In light of a citywide water crisis, officials say the Jackson Fire Department has enough water to respond to fires.
“By the grace of God we haven’t had any incidents in the area where we didn’t have access to water,” Assistant Fire Chief Patrick Armon said Tuesday.
Pearl River flooding has caused a system-wide outage of the water system that serves more than 160,000 residents. Water pressure was reduced for the entire city Monday.
On Monday night, Gov. Tate Reeves declared a state of emergency and said an incident center would be set up to distribute water to residents.
The fire department found some areas didn’t have water or pressure in its hydrants yesterday.

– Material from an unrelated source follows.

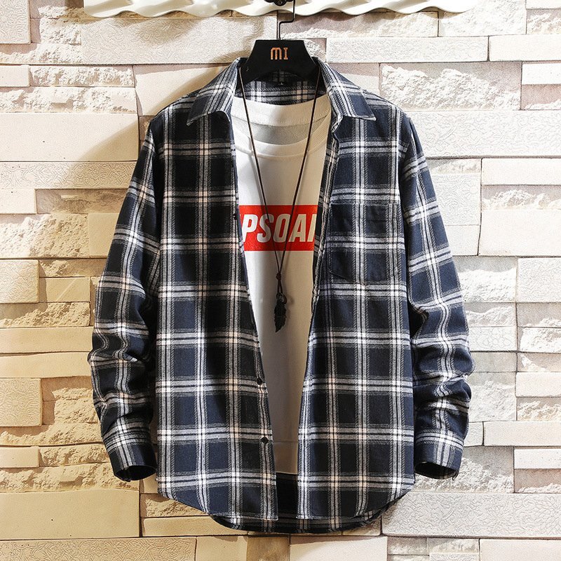 - OHJ617★メンズ長袖シャツ カジュアルシャツアウター 長袖シャツ トップス ワークウェア チェックシャツ ストライプシャツ ネイビー3XL

Armon said as of Tuesday, the department has seen water pressure return.
Jackson Mayor Chokwe Antar Lumumba said he has been in constant discussion with fire department leadership, including about its water reserves and the Mississippi Emergency Management Agency’s ability to supplement the department’s water supply.
“We feel comfortable with our fire department’s reserves along with the support of MEMA,” Lumumba said during a Tuesday afternoon news conference. “If we meet the unfortunate circumstance of a fire, they would be able to continue.”
Generally, Armon said most water sources can be used to put out a fire. A pond or river could act as a water source as long as the department’s engine and hoses can reach it and debris is strained out before being pumped.
Armon said a portion of the fire department’s work is preparedness, including during recent heavy rains and flooding. Firefighters helped residents place sandbags to prevent flooding. The other day, he said a crew used a boat to help a resident retrieve necessities from their home in a flooded area, he said.
For the past few weeks since Jackson has been under a water boil notice, the fire department has distributed water to residents at its central station, Armon said. That distribution occurs daily at 2 p.m. at 555 South West St.
Armon said any situation that affects water access can impact firefighters’ ability to do their jobs. But he said the department is trained and prepared to work in less than ideal situations, including during a water crisis.
“We’re trained to work in chaos,” he said.